> _Problem to solve_: The output should be the listing below, limited to the lines from the one with "И всё это залить" through the one with "The average declared", exact and without pictures.
----- Provided material
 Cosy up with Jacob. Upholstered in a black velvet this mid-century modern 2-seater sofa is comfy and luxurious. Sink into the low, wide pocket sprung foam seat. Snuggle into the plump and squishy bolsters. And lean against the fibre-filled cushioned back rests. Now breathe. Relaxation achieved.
----------
----- Provided material
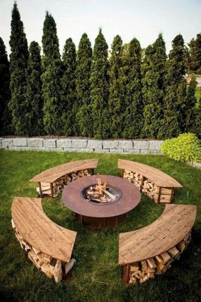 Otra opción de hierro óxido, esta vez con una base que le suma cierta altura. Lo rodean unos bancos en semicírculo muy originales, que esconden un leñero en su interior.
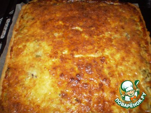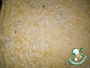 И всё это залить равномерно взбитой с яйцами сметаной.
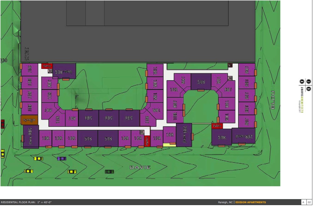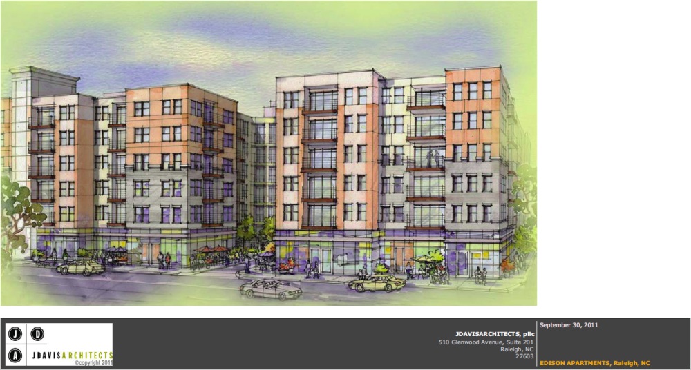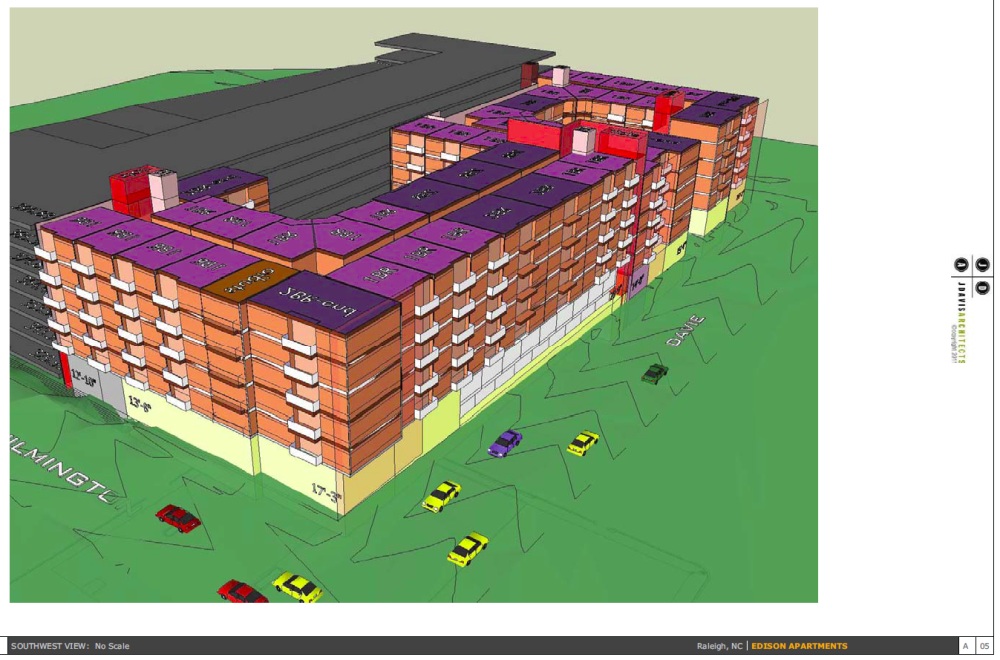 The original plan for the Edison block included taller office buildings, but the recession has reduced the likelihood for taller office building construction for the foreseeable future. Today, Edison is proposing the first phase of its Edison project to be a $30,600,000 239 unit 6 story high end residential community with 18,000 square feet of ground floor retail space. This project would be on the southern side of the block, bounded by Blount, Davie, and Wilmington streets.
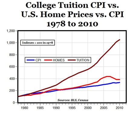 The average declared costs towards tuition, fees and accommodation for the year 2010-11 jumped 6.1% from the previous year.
----------
----- Provided material
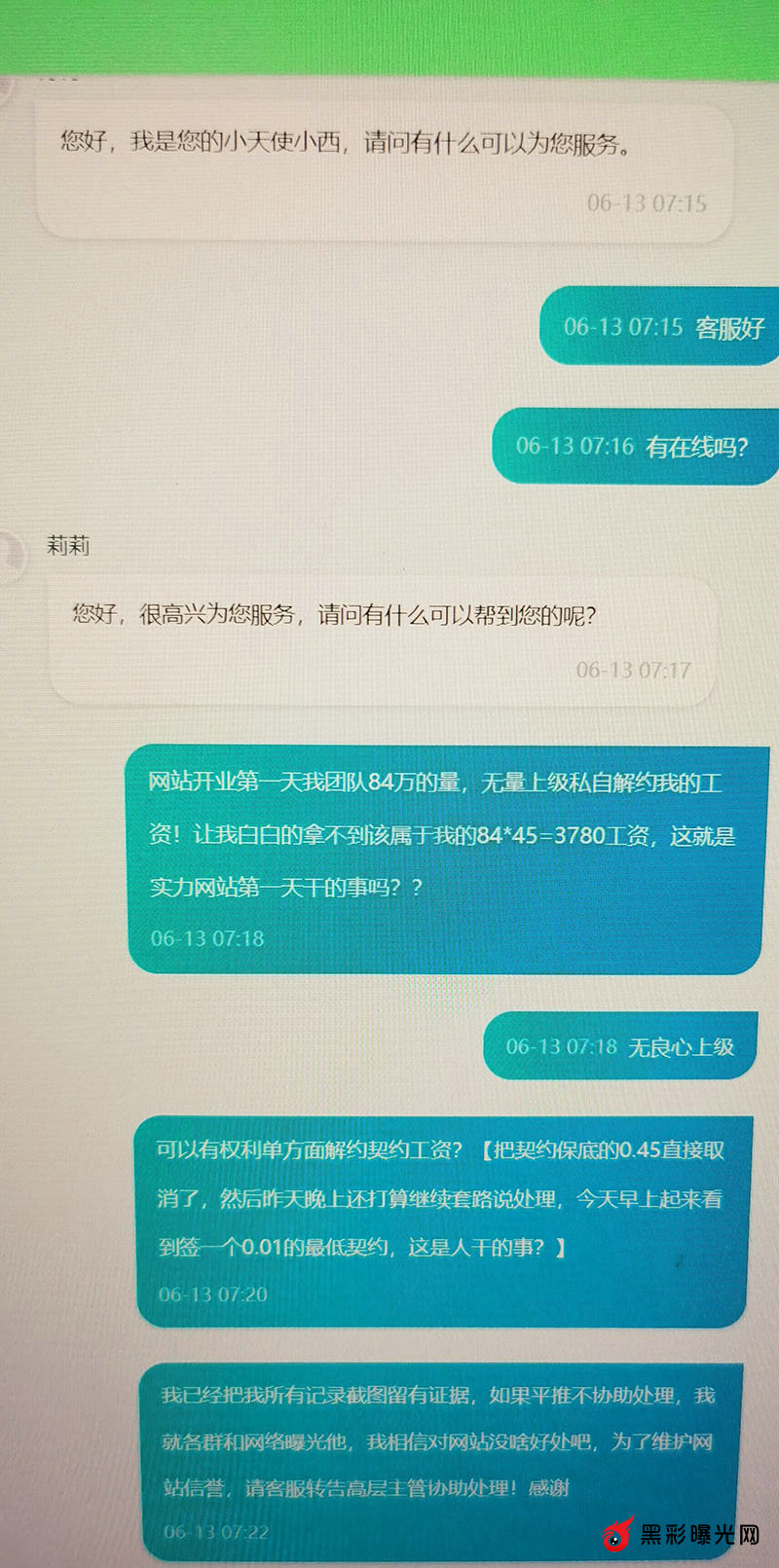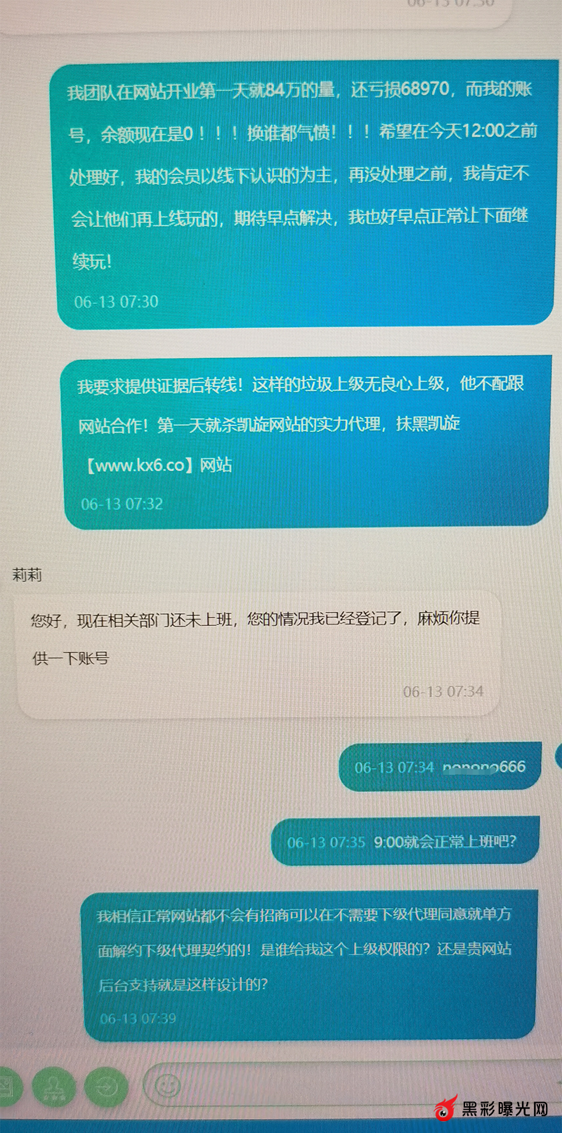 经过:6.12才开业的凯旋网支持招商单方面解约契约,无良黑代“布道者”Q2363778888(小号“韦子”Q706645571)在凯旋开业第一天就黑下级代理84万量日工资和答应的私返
----------
> _Solved problem_:
 И всё это залить равномерно взбитой с яйцами сметаной.
 The original plan for the Edison block included taller office buildings, but the recession has reduced the likelihood for taller office building construction for the foreseeable future. Today, Edison is proposing the first phase of its Edison project to be a $30,600,000 239 unit 6 story high end residential community with 18,000 square feet of ground floor retail space. This project would be on the southern side of the block, bounded by Blount, Davie, and Wilmington streets.
 The average declared costs towards tuition, fees and accommodation for the year 2010-11 jumped 6.1% from the previous year.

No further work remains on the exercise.